Dataset section below:

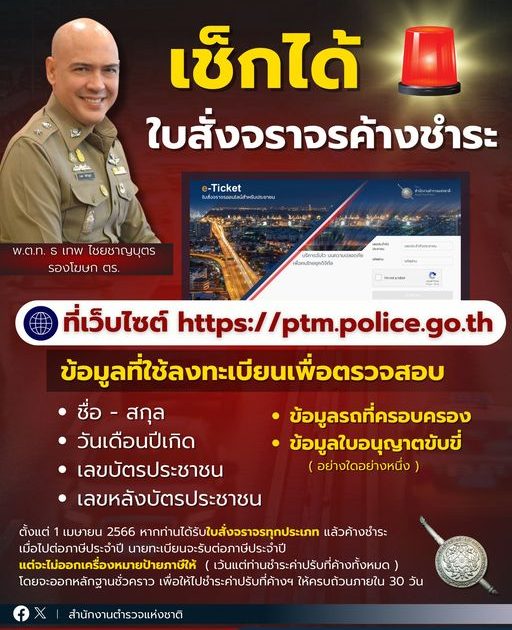 รองโฆษก ตร. กล่าวเพิ่มเติมว่า เพื่อเป็นการอำนวยความสะดวกต่อประชาชน หากผู้ขับขี่ยวดยานพาหนะ ไม่แน่ใจว่าตนเองมีใบสั่งให้ไปชำระค่าปรับหรือมีใบสั่งค้างชำระหรือไม่ สามารถลงทะเบียนใช้งานและตรวจสอบได้ที่เว็บไซต์ https://ptm.police.go.th หรือตู้บริการอเนกประสงค์ภาครัฐ
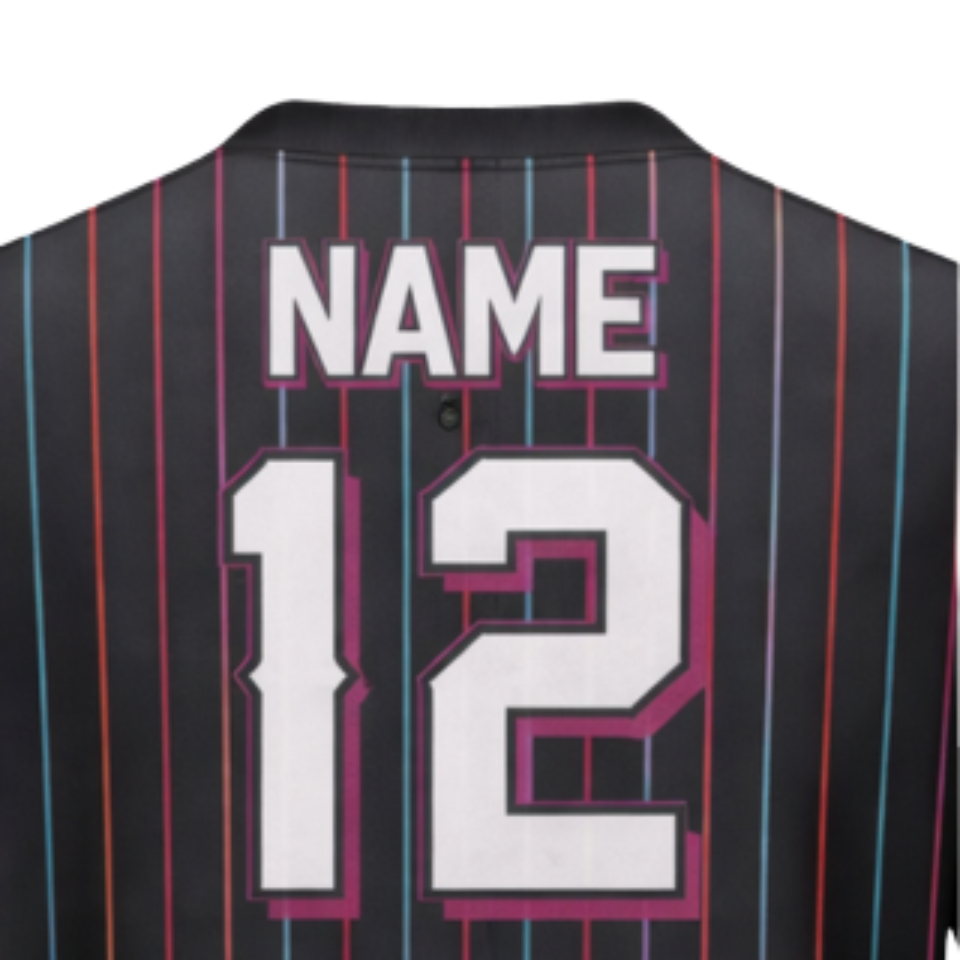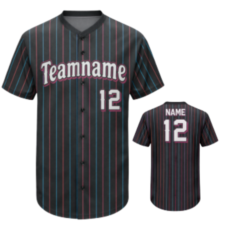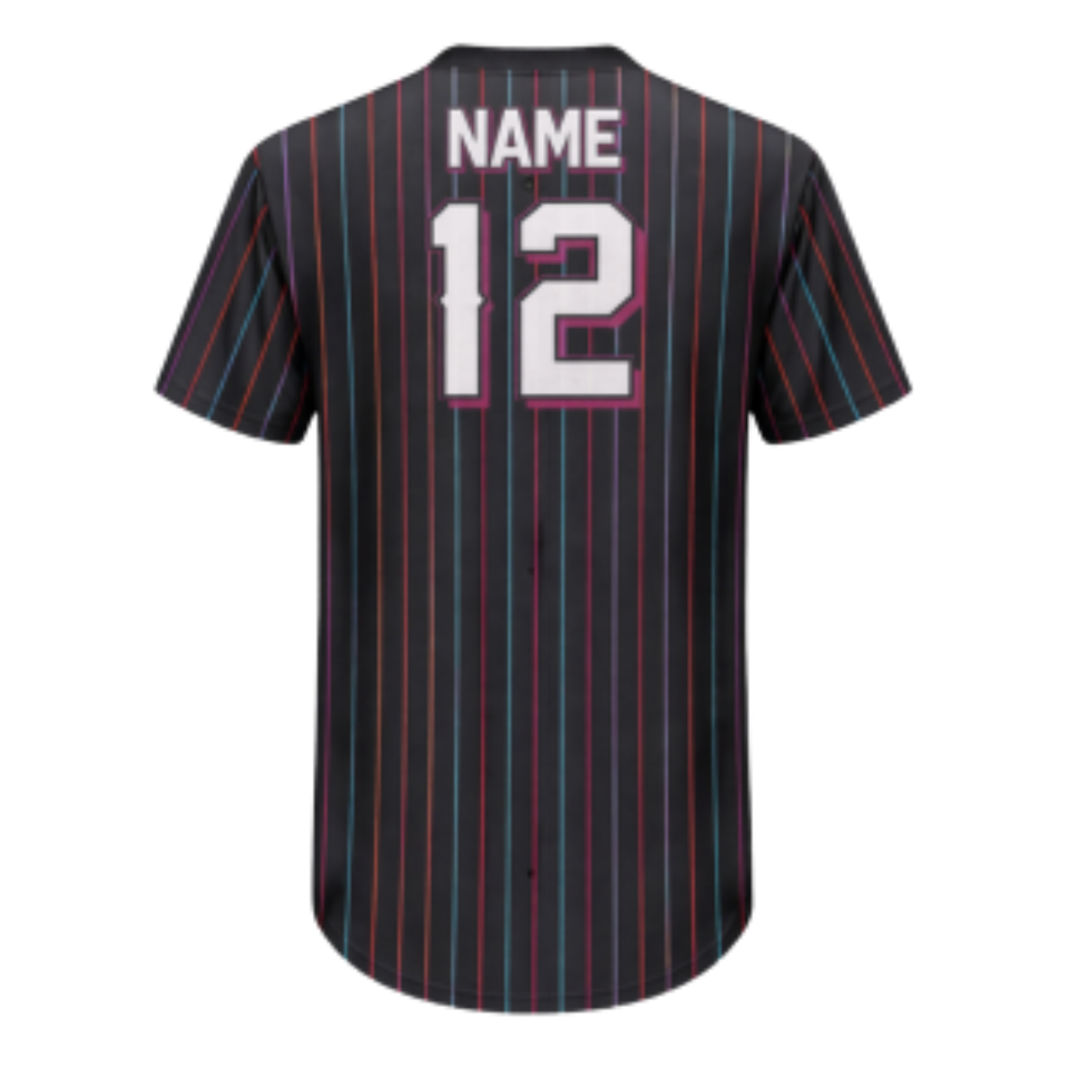 Camiseta de Béisbol Personalizada con Rayas, Diseño con Botones, Colores Vibrantes, Número de Jugador y Colores del Equipo Personalizados para Ropa Deportiva Masculina
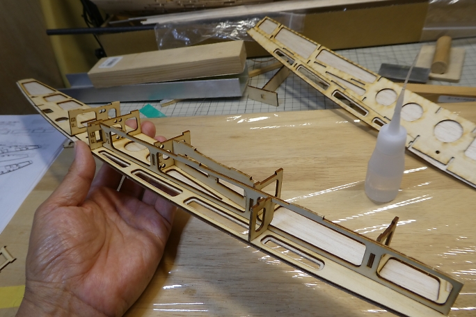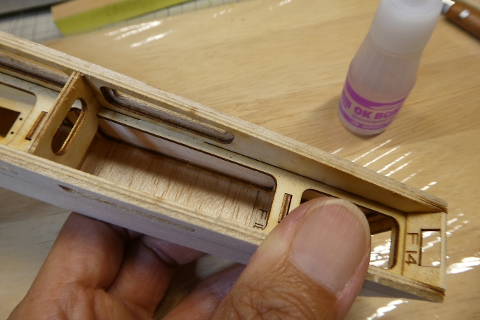 ![]() 片側に胴枠やフレームを組んでいきます。 フレームは下から瞬間接着剤を流さないと、後で切り離すキャノピーが 接着されてしまうので注意が必要です。 ![]() 片側の組み立てが終わりました。 組み立てはパズルの様ですので、先に接着してしまうと、入らなくなるパーツもあり ますので、一通りパーツを組み立ててから接着していく必要があります。 ![]() 胴枠と側板が全て接着し終わりました。 接着には主に中粘度瞬間接着剤を使用しています。 ![]() フック台を接着します。 側板の端面とツライチになるように位置決めをします。 ![]() ![]() プランクをする前に、接着面をサンディングします。 側板のバルサとフレームのベニヤが一緒に削れるようになる 所まで削ります。 |
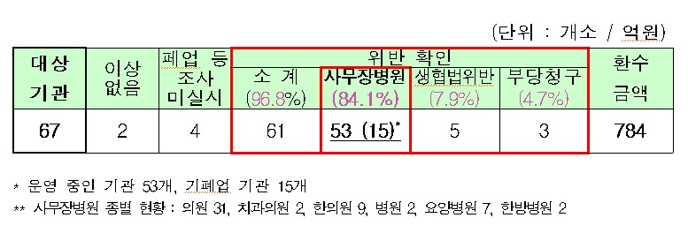 의료생협 빙자한 사무장병원 53개소 적발...784억원 부당청구 확인

End of Dataset section.

> [Your assignment]
Print the material verbatim; drop the pictures.

> [Solution]
 รองโฆษก ตร. กล่าวเพิ่มเติมว่า เพื่อเป็นการอำนวยความสะดวกต่อประชาชน หากผู้ขับขี่ยวดยานพาหนะ ไม่แน่ใจว่าตนเองมีใบสั่งให้ไปชำระค่าปรับหรือมีใบสั่งค้างชำระหรือไม่ สามารถลงทะเบียนใช้งานและตรวจสอบได้ที่เว็บไซต์ https://ptm.police.go.th หรือตู้บริการอเนกประสงค์ภาครัฐ
 Camiseta de Béisbol Personalizada con Rayas, Diseño con Botones, Colores Vibrantes, Número de Jugador y Colores del Equipo Personalizados para Ropa Deportiva Masculina
 ![]() 片側に胴枠やフレームを組んでいきます。 フレームは下から瞬間接着剤を流さないと、後で切り離すキャノピーが 接着されてしまうので注意が必要です。 ![]() 片側の組み立てが終わりました。 組み立てはパズルの様ですので、先に接着してしまうと、入らなくなるパーツもあり ますので、一通りパーツを組み立ててから接着していく必要があります。 ![]() 胴枠と側板が全て接着し終わりました。 接着には主に中粘度瞬間接着剤を使用しています。 ![]() フック台を接着します。 側板の端面とツライチになるように位置決めをします。 ![]() ![]() プランクをする前に、接着面をサンディングします。 側板のバルサとフレームのベニヤが一緒に削れるようになる 所まで削ります。 |
 의료생협 빙자한 사무장병원 53개소 적발...784억원 부당청구 확인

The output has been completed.